You know what `g (a -> b) -> g a -> g b` looks like? Yup! It looks like `<*>` for `g`:

``````Compose fga2b <*> Compose fga = Compose \$ lessScary fga2b <*> fga
where
lessScary :: f (g (a -> b)) -> f (g a -> g b)
lessScary fga2b = whatThe <\$> fga2b
whatThe :: g (a -> b) -> g a -> g b
whatThe ga2b = (<*>) ga2b``````

That’s it! We did it.

We can take things further though, and condense a bunch of this code.

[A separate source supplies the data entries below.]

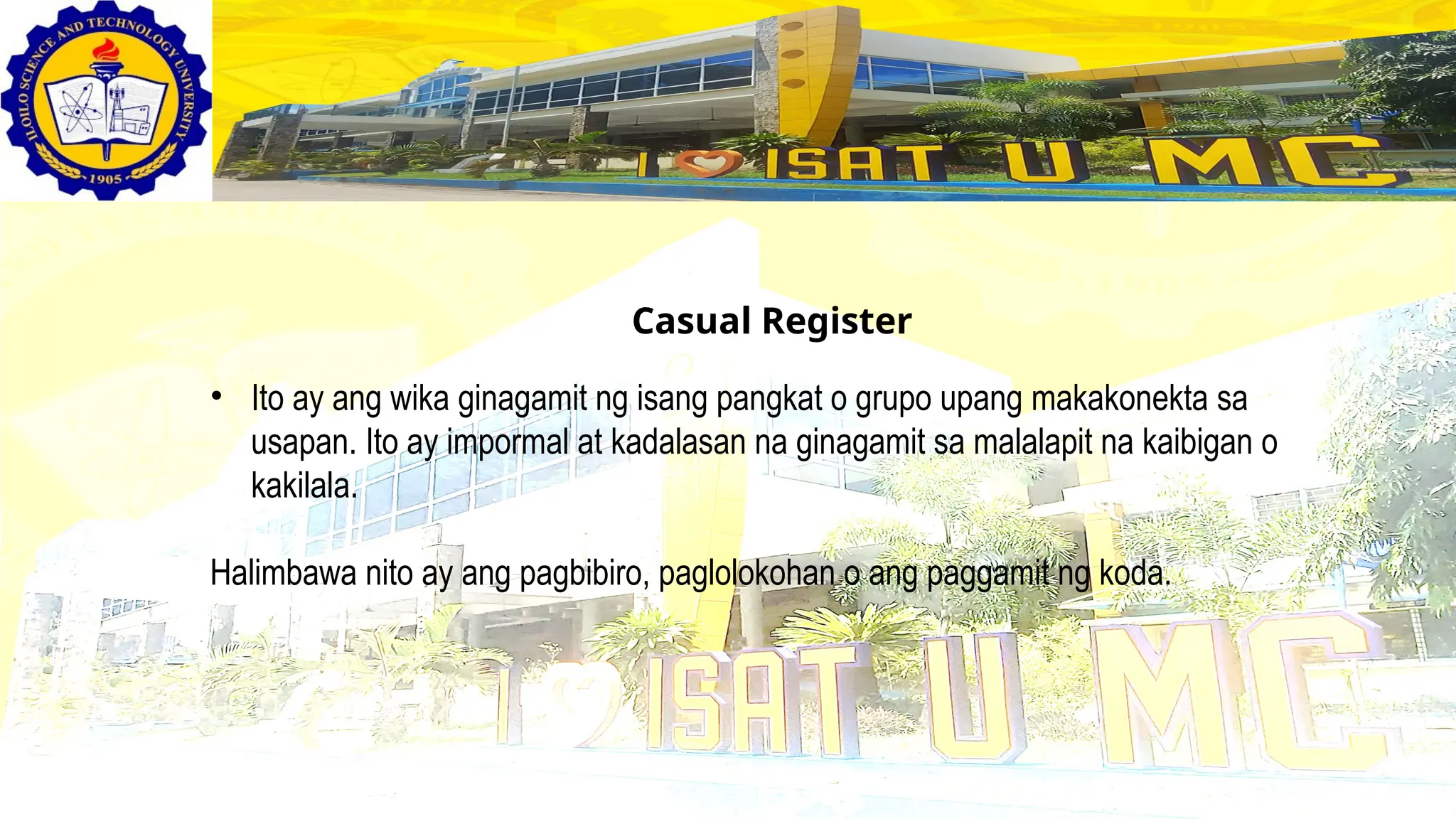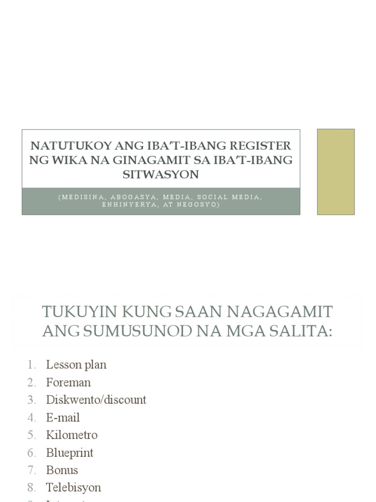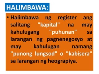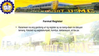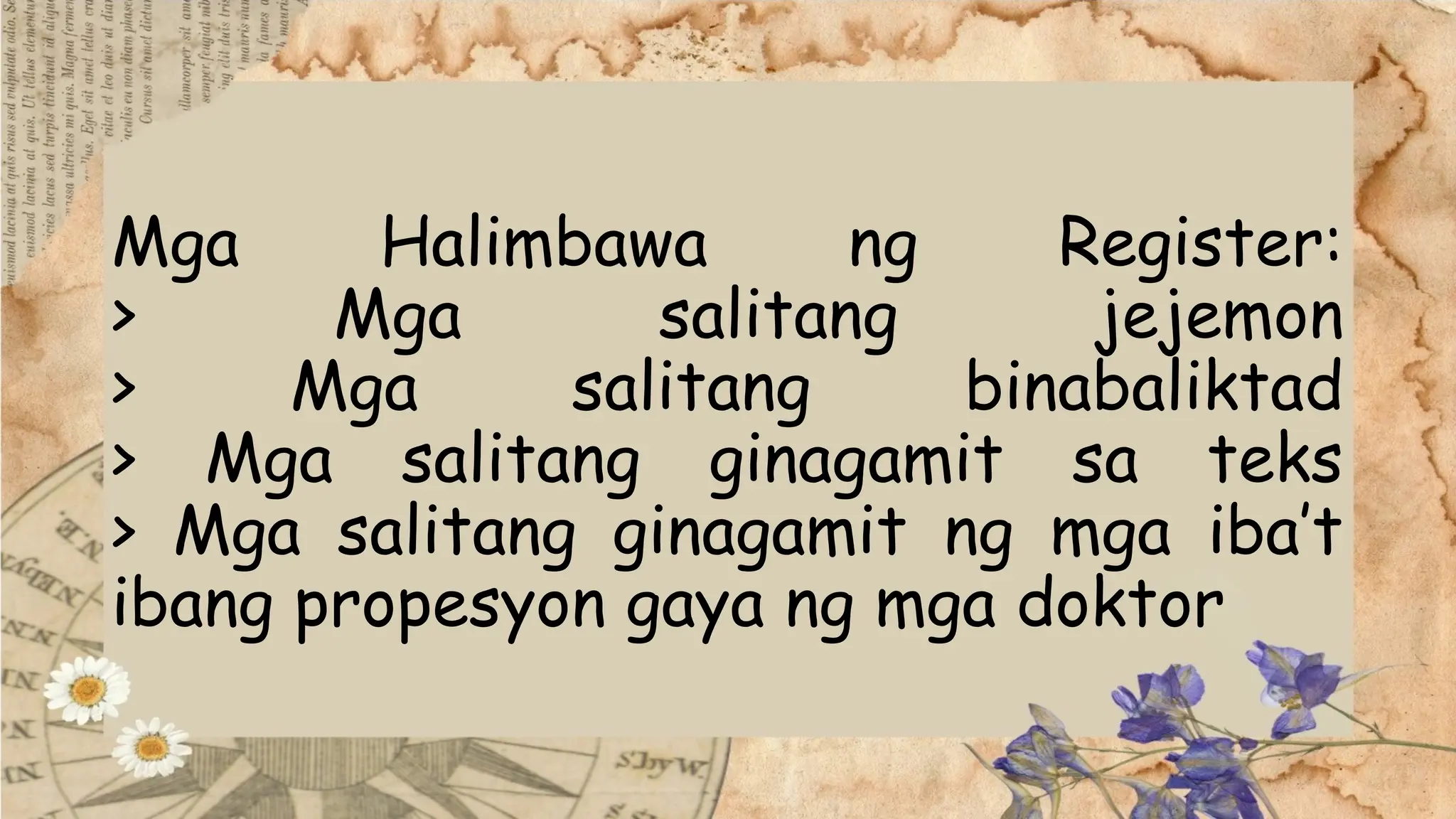 magtala ng tig limang halimbawa ng register para sa mga binigay na mga ...
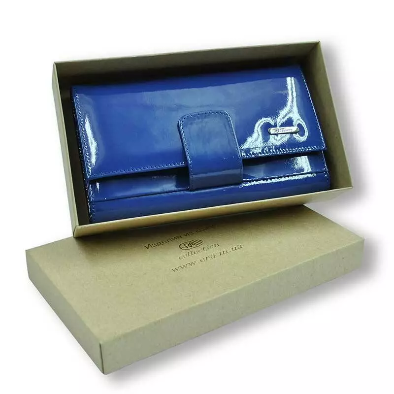Гаманець жіночий ERA на кнопці шкіряний лак Синій (ERA-PW-01-05)
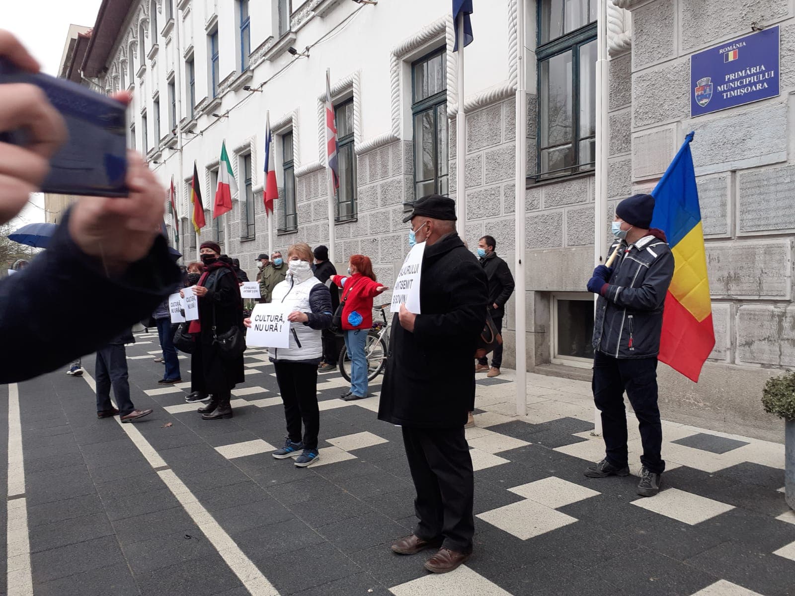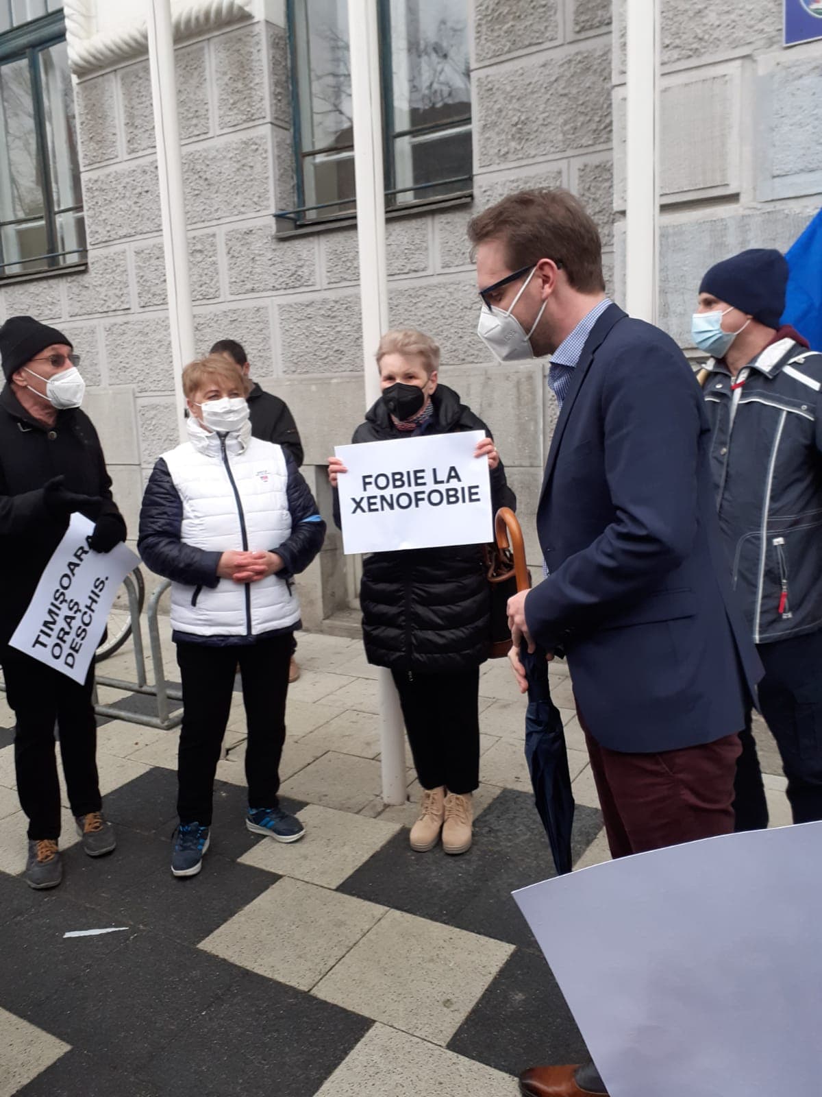 Zeci de timișoreni, scriitori, medici, profesori reprezentanți ai societății civile s-au strâns în această după-amiază în fața Primăriei Timișoara, în semn de protest față de manifestările care au avut loc în fața casei primarului, la finalul lunii martie, în care s-au strigat lozinci xenofobe.

First, lets drop `ga2b` from `(<*>)` in `whatThe`, since it’s the first parameter to both:

``````Compose fga2b <*> Compose fga = Compose \$ lessScary fga2b <*> fga
where
lessScary :: f (g (a -> b)) -> f (g a -> g b)
lessScary fga2b = whatThe <\$> fga2b
whatThe :: g (a -> b) -> g a -> g b
whatThe = (<*>)``````

Now, lets inline `whatThe`:

``````Compose fga2b <*> Compose fga = Compose \$ lessScary fga2b <*> fga
where
lessScary :: f (g (a -> b)) -> f (g a -> g b)
lessScary fga2b = (<*>) <\$> fga2b``````

`lessScary` can be inlined too:

``Compose fga2b <*> Compose fga = Compose \$ (<*>) <\$> fga2b <*> fga``

And there we have it. The `Applicative` instance for `Compose`. In incremental steps.